To improve its AI voice synthesis, NVIDIA’s text-to-speech research team developed a model called RAD-TTS, a winning entry at an NAB broadcast convention competition to develop the most realistic avatar. The system allows an individual to train a text-to-speech model with their own voice, including the pacing, tonality, timbre and more.
Another RAD-TTS feature is voice conversion, which lets a user deliver one speaker's words using another person's voice. That interface gives fine, frame-level control over a synthesized voice’s pitch, duration and energy.
Using this technology, NVIDIA's researchers created more conversational-sounding voice narration for its own I Am AI video series using synthesized rather than human voices. The aim was to get the narration to match the tone and style of the videos, something that hasn't been done well in many AI narrated videos to date.
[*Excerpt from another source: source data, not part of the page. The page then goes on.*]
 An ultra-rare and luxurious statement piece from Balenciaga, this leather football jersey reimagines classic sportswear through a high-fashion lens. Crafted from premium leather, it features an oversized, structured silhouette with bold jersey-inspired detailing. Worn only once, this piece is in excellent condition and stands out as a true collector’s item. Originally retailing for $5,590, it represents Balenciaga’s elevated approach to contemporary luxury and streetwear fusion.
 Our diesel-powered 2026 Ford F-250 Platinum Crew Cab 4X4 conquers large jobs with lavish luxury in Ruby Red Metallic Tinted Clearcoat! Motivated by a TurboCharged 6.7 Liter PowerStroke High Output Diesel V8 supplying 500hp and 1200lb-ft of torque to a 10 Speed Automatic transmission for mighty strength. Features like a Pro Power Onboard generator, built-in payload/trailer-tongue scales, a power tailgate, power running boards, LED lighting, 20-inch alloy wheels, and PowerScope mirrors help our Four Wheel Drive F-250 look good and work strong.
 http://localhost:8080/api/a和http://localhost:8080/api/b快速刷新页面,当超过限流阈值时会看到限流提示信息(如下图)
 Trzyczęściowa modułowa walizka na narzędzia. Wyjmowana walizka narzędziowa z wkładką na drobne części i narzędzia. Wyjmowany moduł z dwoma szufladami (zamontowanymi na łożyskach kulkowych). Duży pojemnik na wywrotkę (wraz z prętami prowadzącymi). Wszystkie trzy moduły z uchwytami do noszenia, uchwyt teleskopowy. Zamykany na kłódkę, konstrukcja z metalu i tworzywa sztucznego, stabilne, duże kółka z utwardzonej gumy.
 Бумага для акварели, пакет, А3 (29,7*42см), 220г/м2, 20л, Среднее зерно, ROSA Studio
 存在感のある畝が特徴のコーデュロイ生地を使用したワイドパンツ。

The results are still a bit robotic, but better than any AI narration I've ever heard.
"With this interface, our video producer could record himself reading the video script, and then use the AI model to convert his speech into the female narrator’s voice. Using this baseline narration, the producer could then direct the AI like a voice actor — tweaking the synthesized speech to emphasize specific words, and modifying the pacing of the narration to better express the video’s tone," NVIDIA wrote.
NVIDIA is distributing some of this research — optimized to run efficiently on NVIDIA GPUs, of course — to anyone who wants to try it via open source through the NVIDIA NeMo Python toolkit for GPU-accelerated conversational AI, available on the company's NGC hub of containers and other software.
"Several of the models are trained with tens of thousands of hours of audio data on NVIDIA DGX systems. Developers can fine tune any model for their use cases, speeding up training using mixed-precision computing on NVIDIA Tensor Core GPUs," the company wrote.